Logo Musée du Patrimoine

Alle Französisches Erbe klassifiziert nach Regionen, Abteilungen und Städten

Alignments du Bois du Duc zu Spézet dans le Finistère

Patrimoine classé
Patrimoine Celtique
Alignement de Menhirs
Finistère

Alignments du Bois du Duc zu Spézet

    Kerbiked
    29540 Spézet
Crédit photo : H mlet - Sous licence Creative Commons

Timeline

Néolithique
Âge du Bronze
Âge du Fer
Antiquité
Haut Moyen Âge
Moyen Âge central
Bas Moyen Âge
Renaissance
Temps modernes
Révolution/Empire
XIXe siècle
Époque contemporaine
4100 av. J.-C.
4000 av. J.-C.
0
1900
2000
Néolithique
Konstruktion von Ausrichtungen
1901
Entdeckung von Paul du Châtellier
27 décembre 1923
Historische Denkmalklassifikation
1944
Erwerb der Archäologischen Gesellschaft
1968
Abbau durch Straßenbau
Aujourd'hui
Aujourd'hui

Kulturgüter

Ausrichtungen von Menhiren so genannte Bois du Duc (cad. G 25): Klassifikation durch Dekret vom 27. Dezember 1923

Kennzahlen

Paul du Châtellier - Archäologe Der Menhir berichtete 1901.
A. Jarno - Archäologischer Explorer Die Beschreibung wurde 1913 abgeschlossen.
Commandant Devoir - Militär und Beobachter Gemeldete Cupulas 1920.
Pierre-Roland Giot - Archäologe Wurde 1968 Schaden gefunden.
Claire Arlaux - Archäologischer Korrespondent 1986 wurde ein Stein graviert.

Ursprung und Geschichte

Die Ausrichtungen des Bois du Duc in Spézet in der Bretagne sind ein Megalithikum aus dem Neolithikum. Ursprünglich erstreckte sich dieser Satz auf ca. 80 Meter entlang einer Nord-Süd-Achse, darunter aufgerichtete und liegende Menhire, hauptsächlich in Schiefer und Sandstein. Der Standort wurde im Laufe der Jahrhunderte teilweise beschädigt, vor allem durch Straßenbau und Steinbewegungen.

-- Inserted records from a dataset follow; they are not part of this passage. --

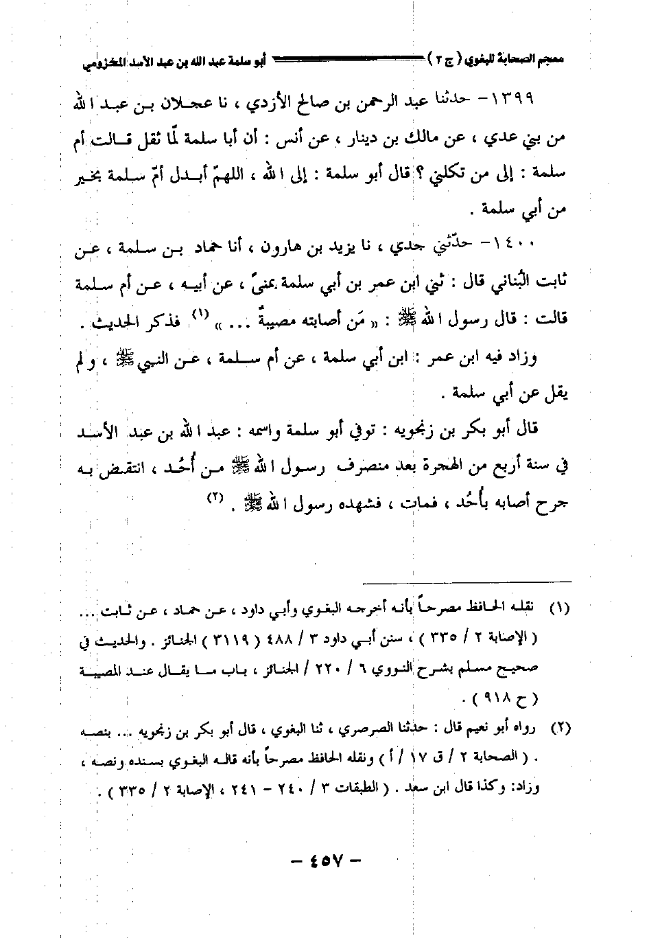 ١٣٩٩ - حدثنا عبد الرحمن بن صالح الأزدي نا عجلان بن عبد الله من بني عدي عن مالك بن دينار عن أنس: أن أبا سلمة لما ثقل قالت أم سلمة: إلى من تكلني؟ قال أبو سلمة: إلى الله، اللهم أبدل أم سلمة بخير من أبي سلمة.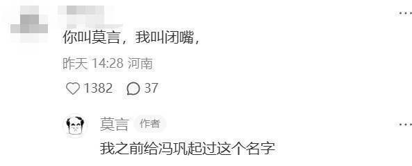 莫言还在评论区回复了给冯巩起笔名“闭嘴”一事,今年6月莫言在个人社交账号发文讲述给冯巩取笔名的故事,给冯巩取名“闭嘴”一度让莫言陷入忐忑和内耗,最后冯巩在社交媒体上把他俩对话的视频发出来了,让莫言心中石头落地。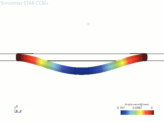 打开 Y-位移和压力标量场景,以可视化受体载荷和流体压力影响的管位移。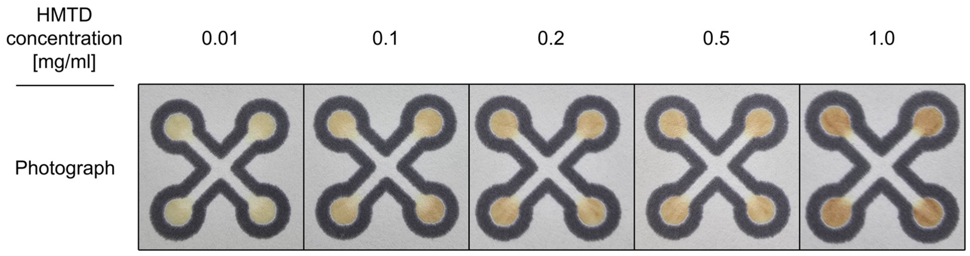 APA StyleFurmanek, W., Lastivka, V., Kasprzak, P., Mazur, I., Baran, P. A., Pniewski, W., Kukiełczyński, Ł., Koszytkowska-Stawińska, M., Grabowska-Jadach, I., Chudy, M., Tokarska, K., Żukowski, K., & Dybko, A. (2026). Colorimetric Determination of Peroxides: A New Paper-Based Sensor for Detecting Hexamethylene Triperoxide Diamine (HMTD). Sensors, 26(3), 904. https://doi.org/10.3390/s26030904

1901 berichtete der Archäologe Paul du Châtellier einen Menhir 5 Meter hoch und die Entdeckung einer Bronzeaxt an seiner Basis. Im Jahr 1913, A. Jarno beendete diese Beschreibung, indem eine Ausrichtung von neun Menhiren, einige mit gravierten Cupules. Der Standort wurde 1923 als historisches Denkmal eingestuft, aber spätere Störungen, wie der Bau einer Straße 1968, änderte seine Struktur.

Im Jahr 1944 scheiterte ein Versuch, einen Sturz der Archäologischen Gesellschaft von Finistère zu spenden, was zu seiner Akquisition für 500 Francs führte. 1958 enthüllte die Arbeit eine Reihe von Dolmen und Menhiren, aber der erworbene Menhir wurde schließlich 1968 bewegt. 1986 wurde ein gravierter Stein, ähnlich dem der Ausrichtung, in einem privaten Garten in Spézet identifiziert, der die anfängliche Ausdehnung des Geländes bestätigt.

Die heute noch sichtbaren Steine umfassen vier Menhire, von denen drei zwischen 3 und 4 Meter liegen. Ihre Schalen- und Sandsteinkomposition sowie gravierte Kuppeln bezeugen von rituellen oder symbolischen Praktiken des Neolithikums. Der Standort bleibt ein wichtiges Beispiel für den Breton Megalithismus, trotz der Veränderungen, die über die Jahrhunderte erfahren.